Ketua Tim PKM, Dr. Drs. I Wayan Gde Sarmawa, MM., memaparkan pelaksanaan PKM merupakan salah satu kewajiban dosen untuk memenuhi Tri Dharma Perguruan Tinggi. PKM kali ini pada kelompok petani garam “Sarining Segara” didasarkan pada permasalahan dimana garam yang dihasilkan para petani masih sangat rendah kuantitasnya. PKM bertujuan untuk meningkatkan produktivitas hasil petani garam kelompok petani tersebut.
“Hasil pemantauan tim PKM menemukan banyaknya peralatan-peralatan yang dipergunakan untuk proses pembuatan garam sudah tidak layak, salah satunya adalah palungan (tempat menjermur air garam, red) yang terbuat dari batang pohon kelapa banyak yang sudah kropos/lapuk,” ungkap Sarmawa.
Hal tersebut dikatakan, salah satu penyebab hasil petani garam tidak maksimal, dimana air garam yang dituangkan ke dalam palungan tersebut banyak yang menetes (bocor). “Solusinya adalah mengganti palungan yang rusak/kropos dengan yang baru. Makanya Pelaksanaan PKM Universitas Warmadewa di desa Kusamba tahun ini, memberikan bantuan dalam bentuk palungan kepada kelompok petani untuk menggantikan palungan yang rusak. Penyerahan bantuan diserahkan secara langsung kepada anggota kelompok petani, ” katanya.

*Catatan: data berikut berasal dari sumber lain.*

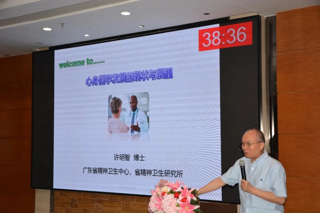 随后,本次会议特邀嘉宾广东省心身医学分会主任委员、广东省人民医院许明智教授致辞,许明智教授表示非常荣幸能来到五邑地区和各位同道、专家进行交流。许明智教授就《心身医学的发展现状和展望》课题展开讲解,心身医学相对其他学科仍未形成成熟的体系,从国际上心身医学发展来看,心身医学的发展是多元化的,已然形成了规范化、学科化的专业领域,能与不同类型的临床学科相结合,建立不同学组的亚专科。心身医学未来的工作重点加强继续教育和培训,不断提高临床医生的整体诊疗水平,以综合模式着力解决心身医学相关疑难病症,减轻心身疾病患者的痛苦,要避免画地为牢,不要局限于自己的门诊和病房,要走出去,把整个医院作为心身医学的阵地,协助其他临床学科处理相关问题不断推行心身医学与其他临床学科相结合的诊疗理念。

Sebelum penyerahan bantuan, tim juga memberikan penyuluhan/sosialisasi berkaitan dengan upaya peningkatan produktivitas petani garam melalui berbagai strategi. Penyuluhan ini disampaikan oleh Dr. Ir. I Gusti Bagus Udayana, M,Si. “Cara yang saya tawarkan kepada petani garam yaitu pengunaan atap plastik untuk menghindari masuknya air hujan pada musin hujan, ” ucap Bagus Udayana.
Pada kesempatan tersebut juga disampaikan pentingnya melakukan pengemasan dengan memberikan label/merk tersendiri yang dipatenkan. Selain itu menuliskan legalitas hasil produksi pada kemasan tersebut seperti standar SNI, Ijin Edar dari BP POM, dan Indikasi Geografis Garam Kusamba juga sangat penting.
“Ijin-ijin ini sudah dimiliki oleh Petani Garam Kusamba. Ini dimaksudkan agar garam Kusamba yang beredar adalah garam yang sudah memiliki legalitas, sehingga konsumen tidak meragukan kualitas garam tersebut, ” tandas Sarmawa.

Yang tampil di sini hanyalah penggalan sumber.